TASK INSTRUCTIONS
Could you restate all of the records exactly, leaving out the pictures?

GIVEN RECORDS
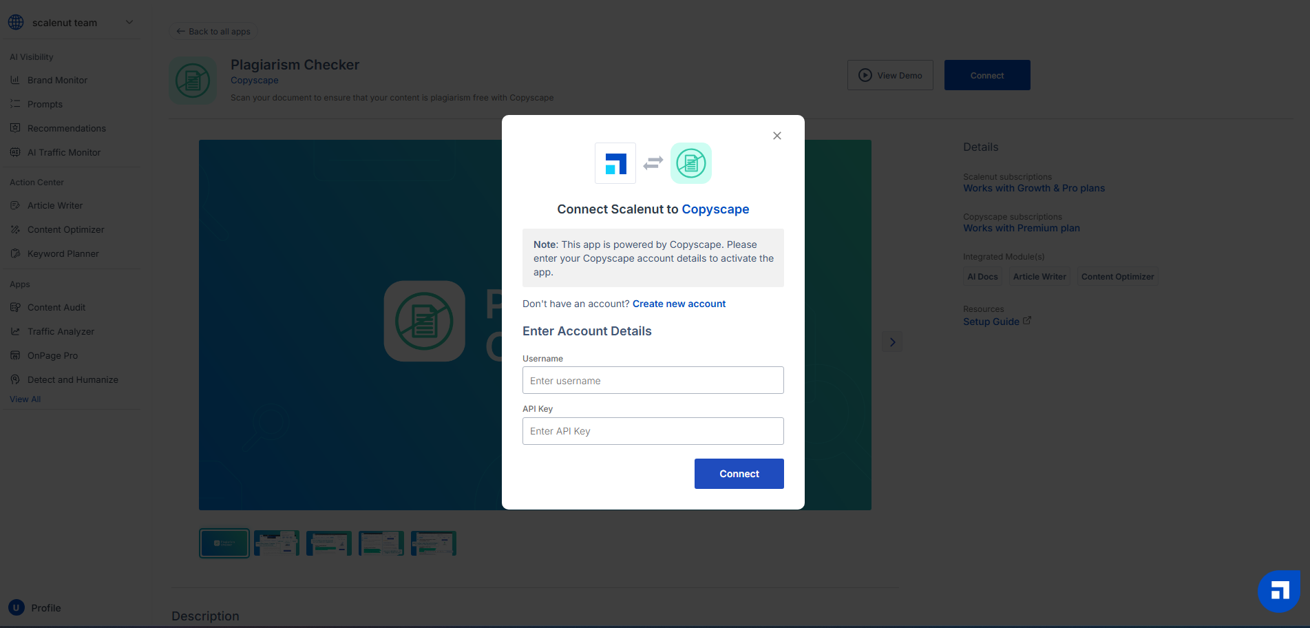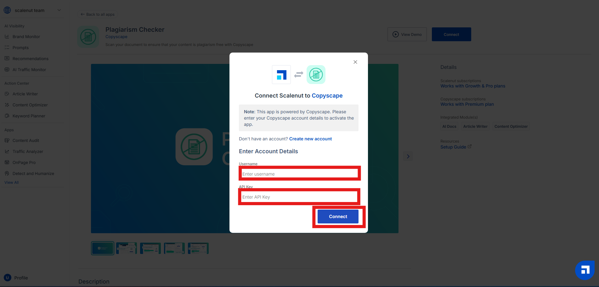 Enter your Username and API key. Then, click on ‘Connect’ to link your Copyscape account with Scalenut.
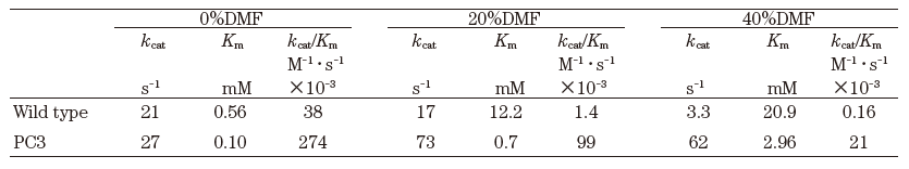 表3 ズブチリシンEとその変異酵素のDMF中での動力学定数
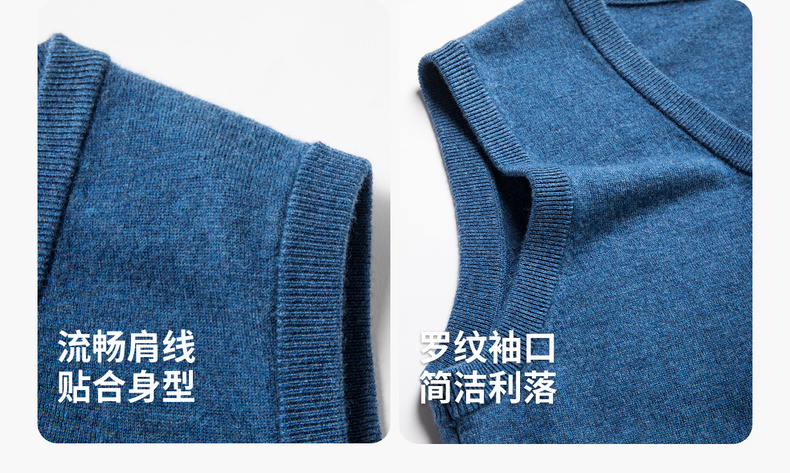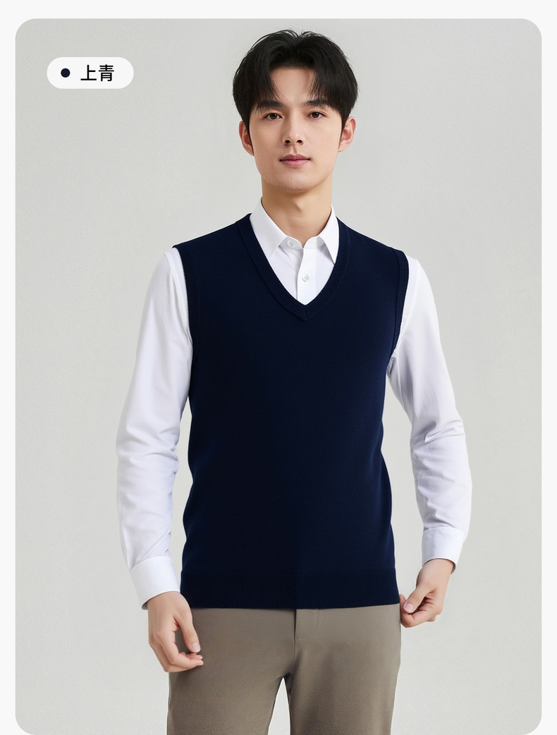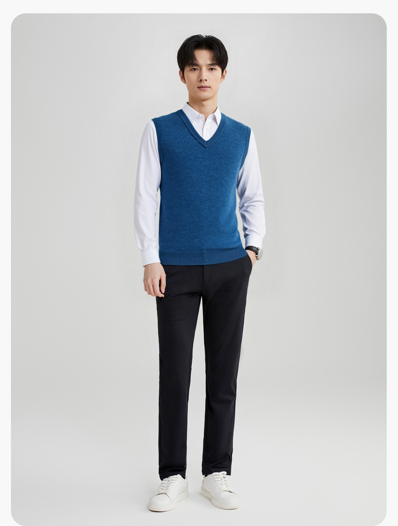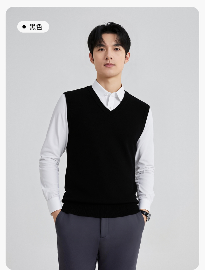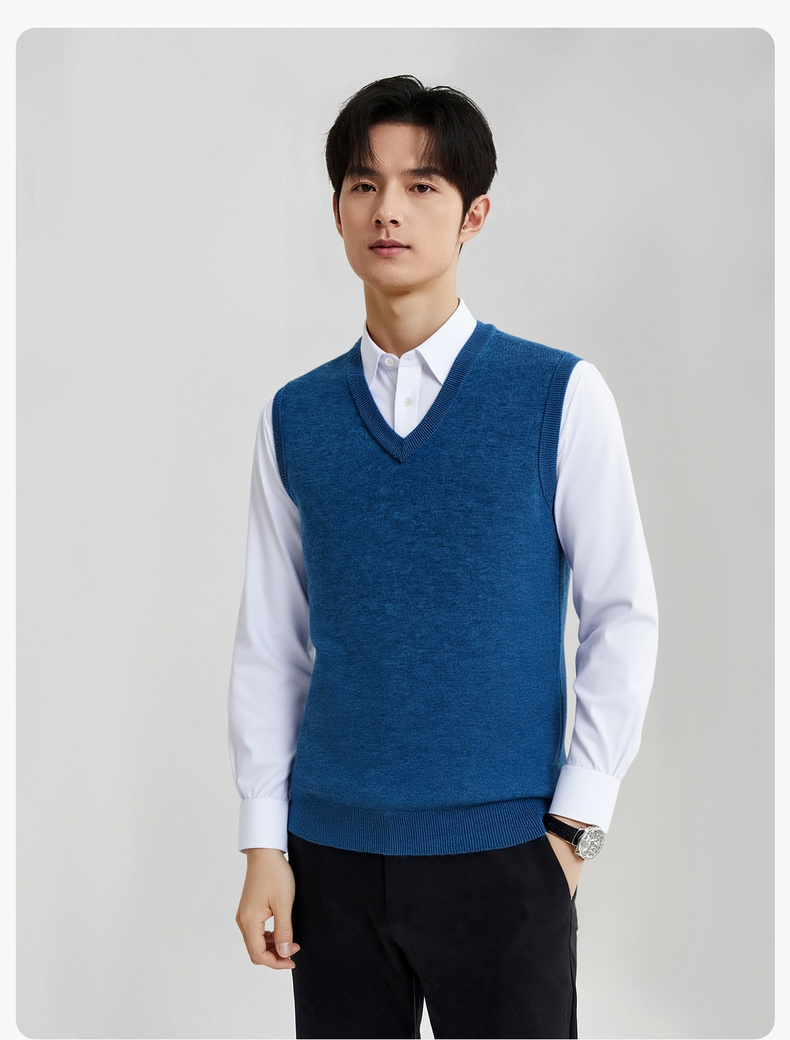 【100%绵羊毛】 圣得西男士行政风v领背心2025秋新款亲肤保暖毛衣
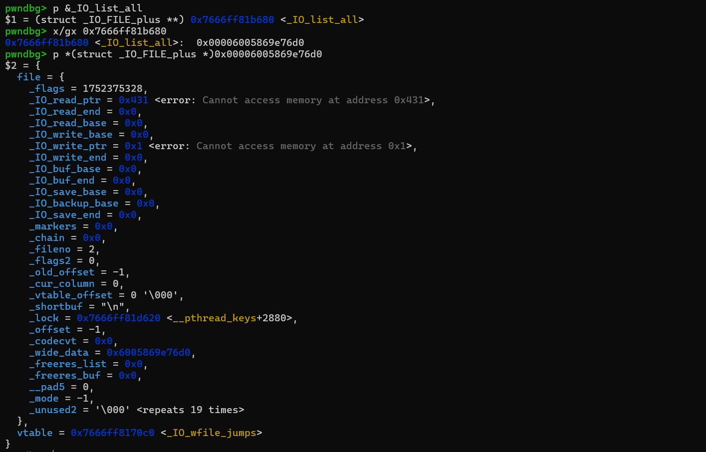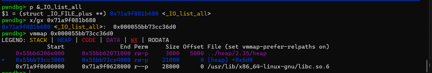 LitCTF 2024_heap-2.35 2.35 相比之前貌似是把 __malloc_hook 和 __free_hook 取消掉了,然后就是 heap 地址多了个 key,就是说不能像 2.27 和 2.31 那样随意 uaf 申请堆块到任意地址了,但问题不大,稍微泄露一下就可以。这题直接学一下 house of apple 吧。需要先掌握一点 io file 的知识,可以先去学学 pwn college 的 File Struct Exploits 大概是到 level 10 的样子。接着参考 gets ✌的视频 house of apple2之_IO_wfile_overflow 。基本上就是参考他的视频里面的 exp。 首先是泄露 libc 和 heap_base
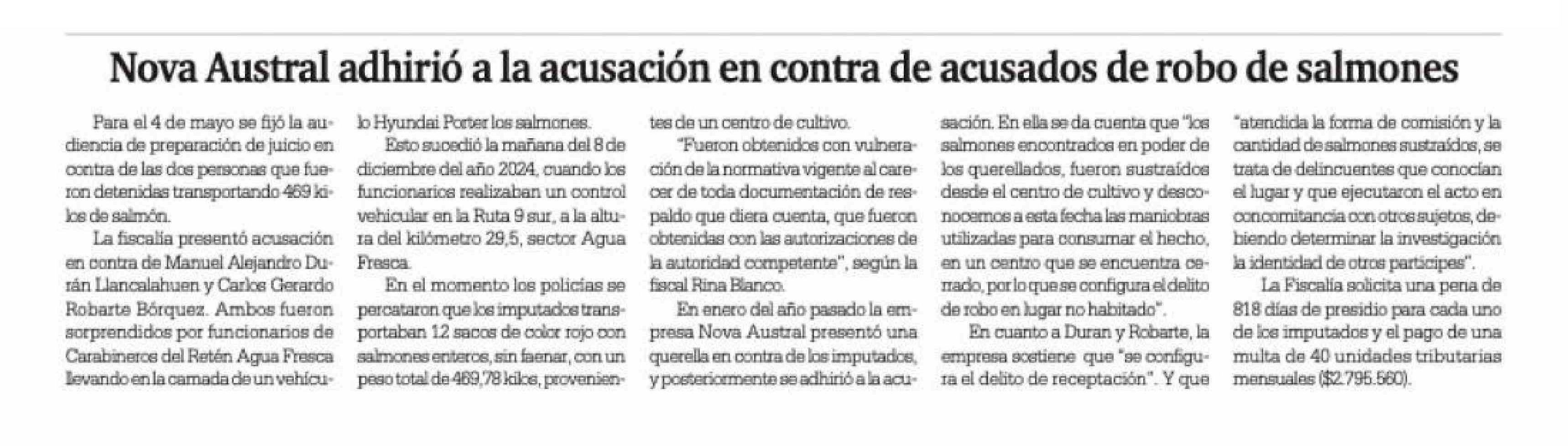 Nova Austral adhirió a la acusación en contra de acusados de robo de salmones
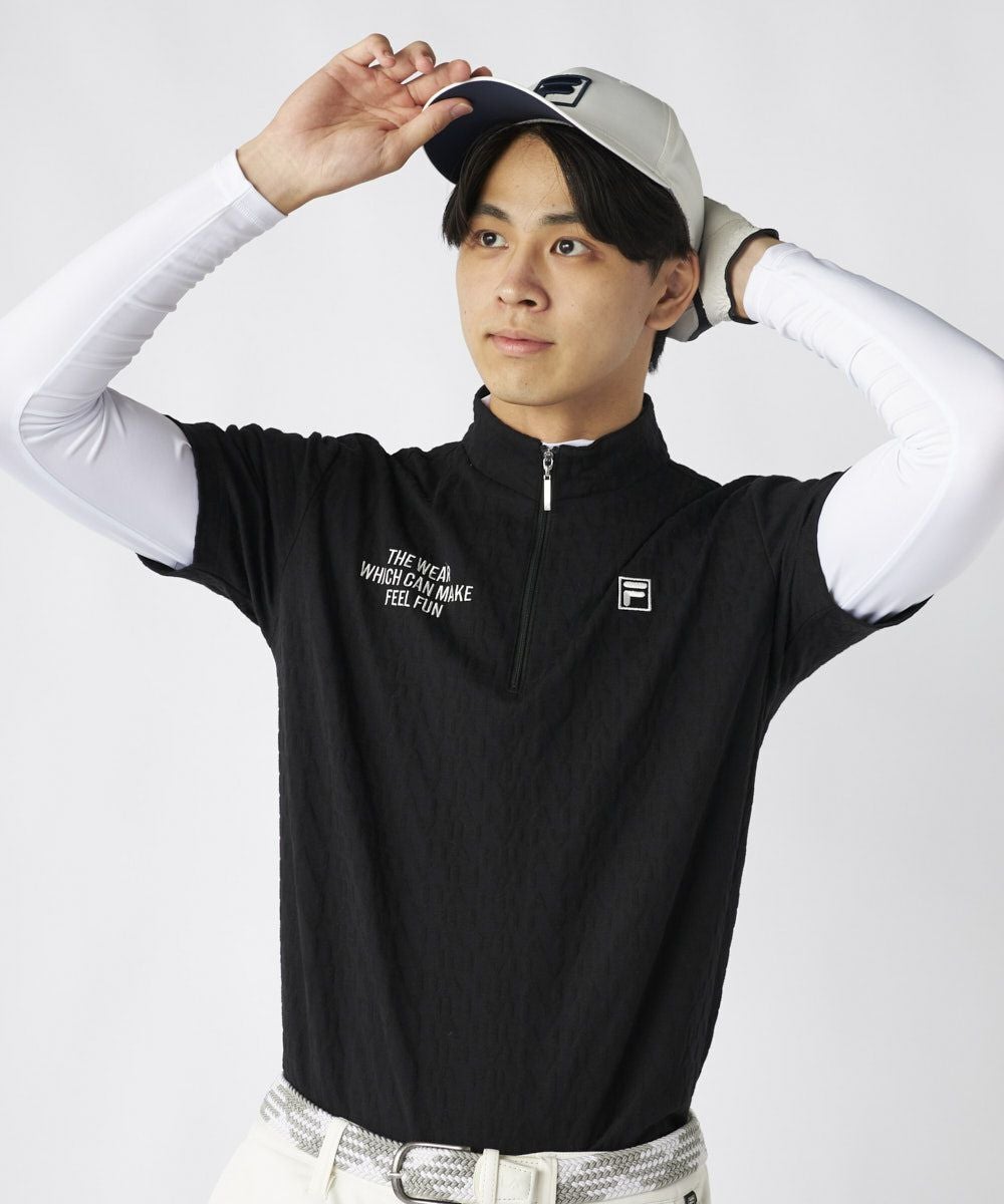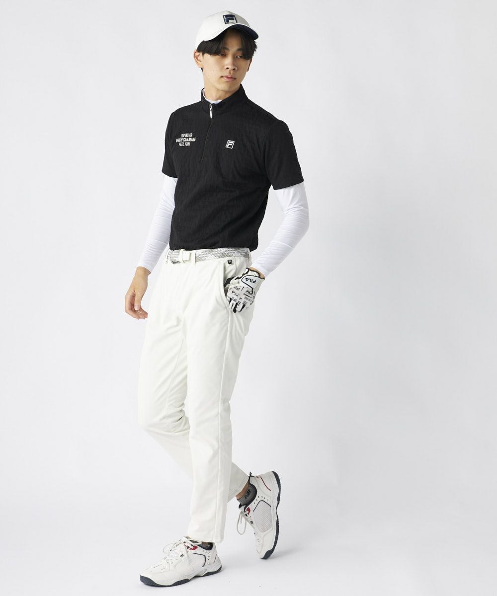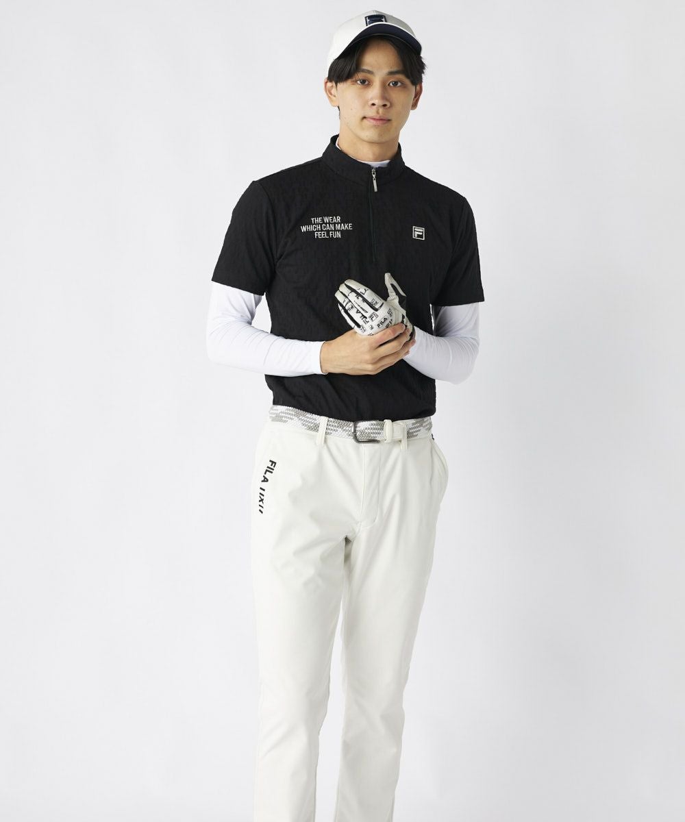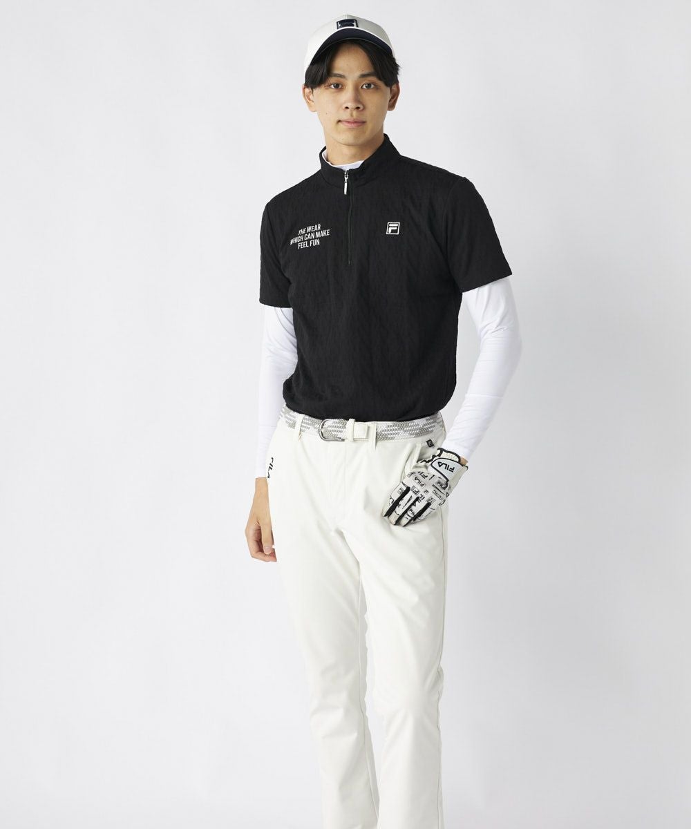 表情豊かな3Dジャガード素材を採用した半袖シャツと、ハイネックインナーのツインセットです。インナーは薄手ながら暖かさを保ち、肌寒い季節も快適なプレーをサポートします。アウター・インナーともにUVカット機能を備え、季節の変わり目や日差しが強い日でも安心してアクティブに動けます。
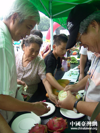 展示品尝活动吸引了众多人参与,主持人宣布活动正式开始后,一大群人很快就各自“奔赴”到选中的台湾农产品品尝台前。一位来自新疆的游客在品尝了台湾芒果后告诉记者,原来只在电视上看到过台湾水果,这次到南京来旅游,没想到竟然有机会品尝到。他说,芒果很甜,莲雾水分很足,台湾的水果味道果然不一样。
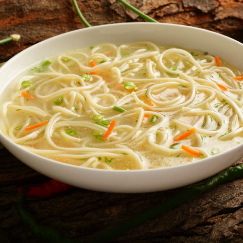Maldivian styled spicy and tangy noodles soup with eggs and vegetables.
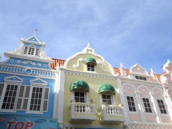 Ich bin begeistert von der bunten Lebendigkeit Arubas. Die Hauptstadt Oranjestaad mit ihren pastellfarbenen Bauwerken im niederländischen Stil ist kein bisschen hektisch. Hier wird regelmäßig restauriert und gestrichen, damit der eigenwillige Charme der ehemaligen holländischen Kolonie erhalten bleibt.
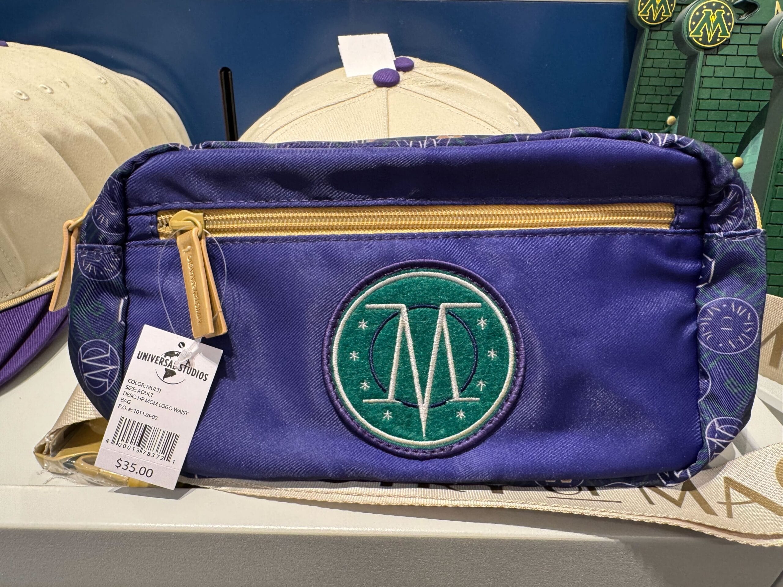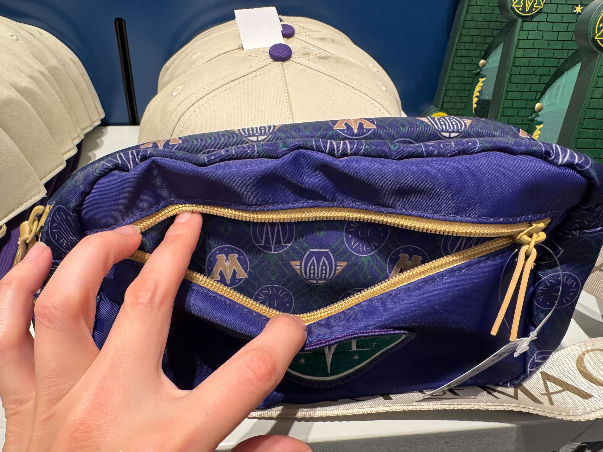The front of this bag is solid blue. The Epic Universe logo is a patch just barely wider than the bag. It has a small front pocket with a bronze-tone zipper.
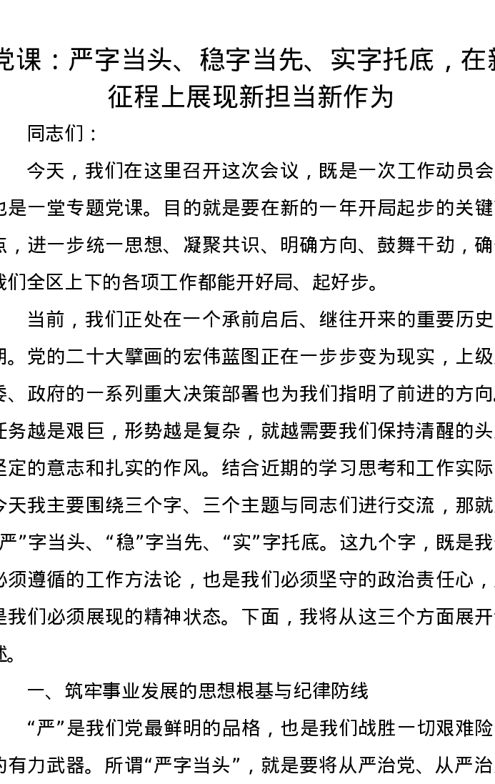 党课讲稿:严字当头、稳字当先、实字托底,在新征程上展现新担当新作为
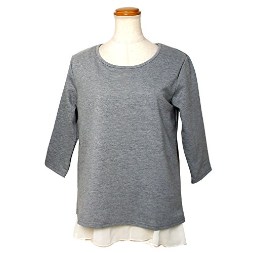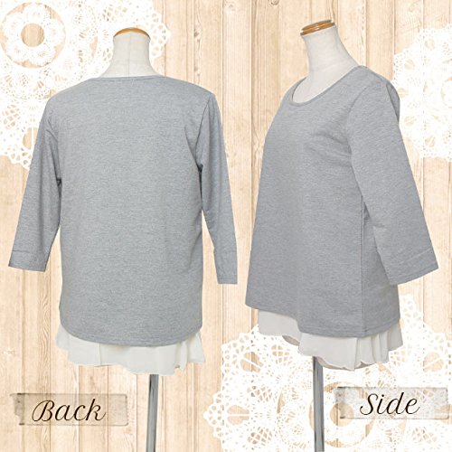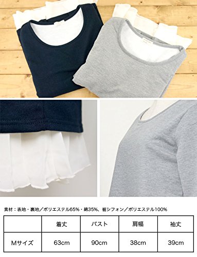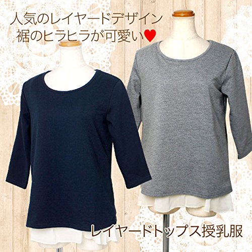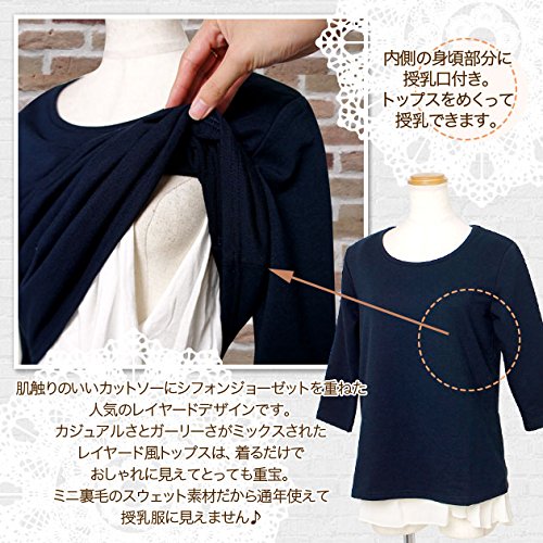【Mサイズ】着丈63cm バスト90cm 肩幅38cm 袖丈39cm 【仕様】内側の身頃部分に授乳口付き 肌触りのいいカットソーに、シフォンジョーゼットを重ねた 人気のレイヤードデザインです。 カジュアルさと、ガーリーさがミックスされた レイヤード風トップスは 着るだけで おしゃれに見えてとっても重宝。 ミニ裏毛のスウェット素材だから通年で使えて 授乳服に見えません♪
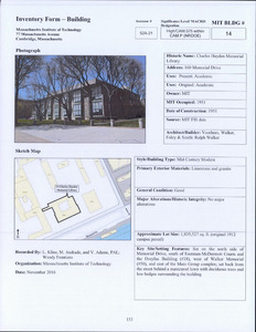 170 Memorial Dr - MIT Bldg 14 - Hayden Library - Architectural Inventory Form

RESPONSE TO THE TASK
 Enter your Username and API key. Then, click on ‘Connect’ to link your Copyscape account with Scalenut.
 表3 ズブチリシンEとその変異酵素のDMF中での動力学定数
 【100%绵羊毛】 圣得西男士行政风v领背心2025秋新款亲肤保暖毛衣
 LitCTF 2024_heap-2.35 2.35 相比之前貌似是把 __malloc_hook 和 __free_hook 取消掉了,然后就是 heap 地址多了个 key,就是说不能像 2.27 和 2.31 那样随意 uaf 申请堆块到任意地址了,但问题不大,稍微泄露一下就可以。这题直接学一下 house of apple 吧。需要先掌握一点 io file 的知识,可以先去学学 pwn college 的 File Struct Exploits 大概是到 level 10 的样子。接着参考 gets ✌的视频 house of apple2之_IO_wfile_overflow 。基本上就是参考他的视频里面的 exp。 首先是泄露 libc 和 heap_base
 Nova Austral adhirió a la acusación en contra de acusados de robo de salmones
 表情豊かな3Dジャガード素材を採用した半袖シャツと、ハイネックインナーのツインセットです。インナーは薄手ながら暖かさを保ち、肌寒い季節も快適なプレーをサポートします。アウター・インナーともにUVカット機能を備え、季節の変わり目や日差しが強い日でも安心してアクティブに動けます。
 展示品尝活动吸引了众多人参与,主持人宣布活动正式开始后,一大群人很快就各自“奔赴”到选中的台湾农产品品尝台前。一位来自新疆的游客在品尝了台湾芒果后告诉记者,原来只在电视上看到过台湾水果,这次到南京来旅游,没想到竟然有机会品尝到。他说,芒果很甜,莲雾水分很足,台湾的水果味道果然不一样。
Maldivian styled spicy and tangy noodles soup with eggs and vegetables.
 Ich bin begeistert von der bunten Lebendigkeit Arubas. Die Hauptstadt Oranjestaad mit ihren pastellfarbenen Bauwerken im niederländischen Stil ist kein bisschen hektisch. Hier wird regelmäßig restauriert und gestrichen, damit der eigenwillige Charme der ehemaligen holländischen Kolonie erhalten bleibt.
The front of this bag is solid blue. The Epic Universe logo is a patch just barely wider than the bag. It has a small front pocket with a bronze-tone zipper.
 党课讲稿:严字当头、稳字当先、实字托底,在新征程上展现新担当新作为
【Mサイズ】着丈63cm バスト90cm 肩幅38cm 袖丈39cm 【仕様】内側の身頃部分に授乳口付き 肌触りのいいカットソーに、シフォンジョーゼットを重ねた 人気のレイヤードデザインです。 カジュアルさと、ガーリーさがミックスされた レイヤード風トップスは 着るだけで おしゃれに見えてとっても重宝。 ミニ裏毛のスウェット素材だから通年で使えて 授乳服に見えません♪
 170 Memorial Dr - MIT Bldg 14 - Hayden Library - Architectural Inventory Form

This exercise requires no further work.